TWENTY-FOUR

“THE BOY WILL not speak to me, my lady Princess,” Westlake told Anne.

Anne sat unmoving. The shock was too great for words or gestures; deepsman’s call or English, she could express nothing. There was a little heat in her hands, a small point gathered at each wrist. Her face did not glow at all.

“My lady Princess, I must know,” Westlake said. His face had come unloosed; normally stiff with resolve, with the endless strain of bearing up his dignity while his leg dragged pain behind him, now it was moving, eyes blinking, mouth open, blood in the sallow cheeks. The openness of it was almost embarrassing. Anne had confided her secrets to his gravity, cried before his reserve, leaned herself on his steady, contained patience. Now it seemed she had exposed herself to a man of flesh and blood like any other.
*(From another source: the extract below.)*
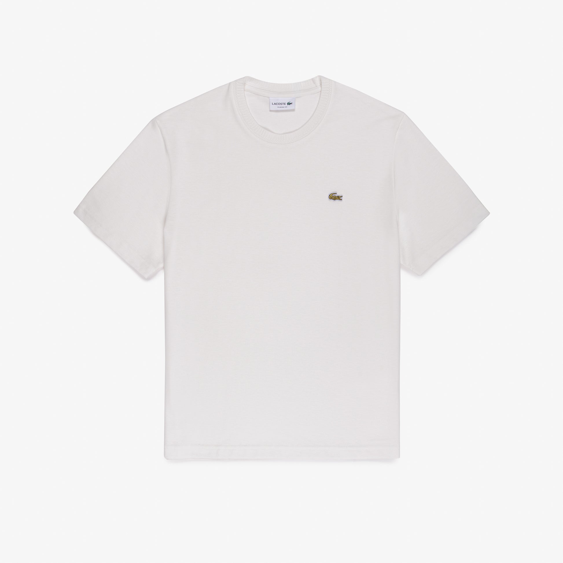 Esta camiseta de mezcla de algodón y lino es el máximo exponente del estilo casual. presenta un detalle en el escote para un toque original, más un cocodrilo bordado dorado en el pecho, sello del estilo lacoste.

But Samuel had been kind to her, and he was asking her for help. Just at that moment, nothing else seemed important.

Anne reached out and took his hand, clasped it. Anything to soothe the fright in his face. “I am not angry with you, Samuel,” she said. “I shall protect you.” That was the image before her eyes: Samuel marched between soldiers, a heaped bonfire before him. The boy conjured up no image in her mind; Anne knew little of boys.
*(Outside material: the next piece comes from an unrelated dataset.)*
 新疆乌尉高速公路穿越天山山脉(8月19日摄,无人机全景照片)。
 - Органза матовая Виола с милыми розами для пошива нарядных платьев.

There were a few seconds when she heard Samuel breathing, his rapid gasps slowing as if by will. “I am most grateful, my lady Princess,” he said in the end. The words did not seem to satisfy him. “I am your man.”

“You are my friend, Samuel,” Anne said. She wanted to keep talking about their friendship, to stay in this little bubble of kindness. If they moved out of it, they would be back into the current and the hard, dangerous fact that was starting to make itself felt: that Samuel had committed treason, had hidden from the Crown a criminal usurper who had been planning to kill them all.
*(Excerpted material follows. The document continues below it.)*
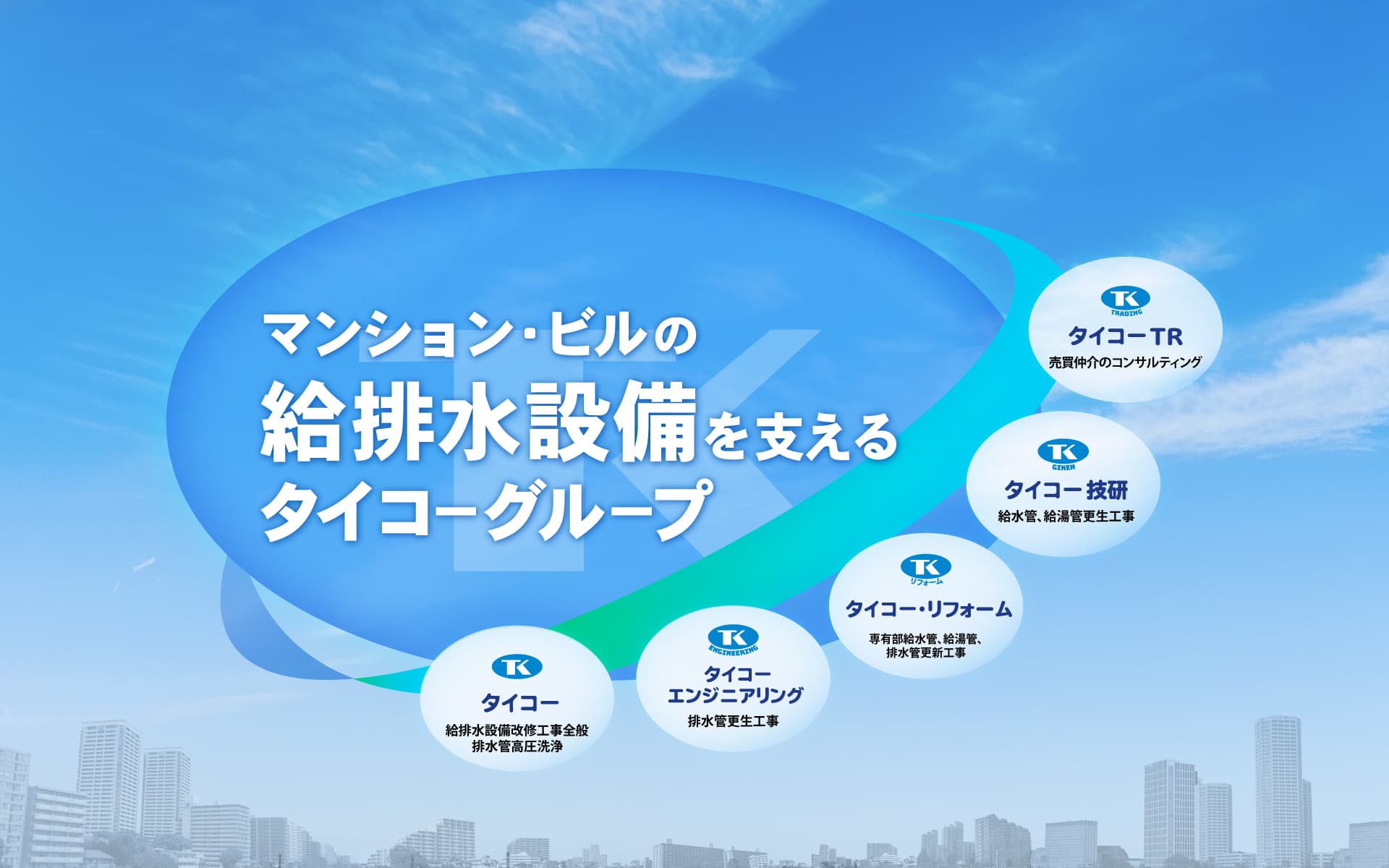 タイコーグループは、更生・更新・洗浄・緊急対応など各分野の専門会社で構成。それぞれの専門知識を結集し、部分的な対応ではなく、建物全体を見据えた総合的なご提案が可能です。

“We must plan, my lady Princess,” Samuel said, and the bubble flew upwards as bubbles must, disintegrating around them. “We shall not be discovered by the men I sent after him; they are not talkers. But I found him because of rumours. If one man can hear a rumour, any man can hear it. I may not be the only man looking for this boy.”

“You are the only man who found him,” Anne said. Erzebet would have had a plan by now, she thought. But then Erzebet would have been angry. Erzebet would have raised her hand and sent Samuel to the stake without a word. The uncomfortable thought possessed Anne that it was her mother’s absence that freed her to treat Samuel’s news with mercy. Erzebet would have thought that mercy a mistake.

Anne shook her head. It was a mistake God would forgive. She did not want another silent day while the world went to watch a burning child.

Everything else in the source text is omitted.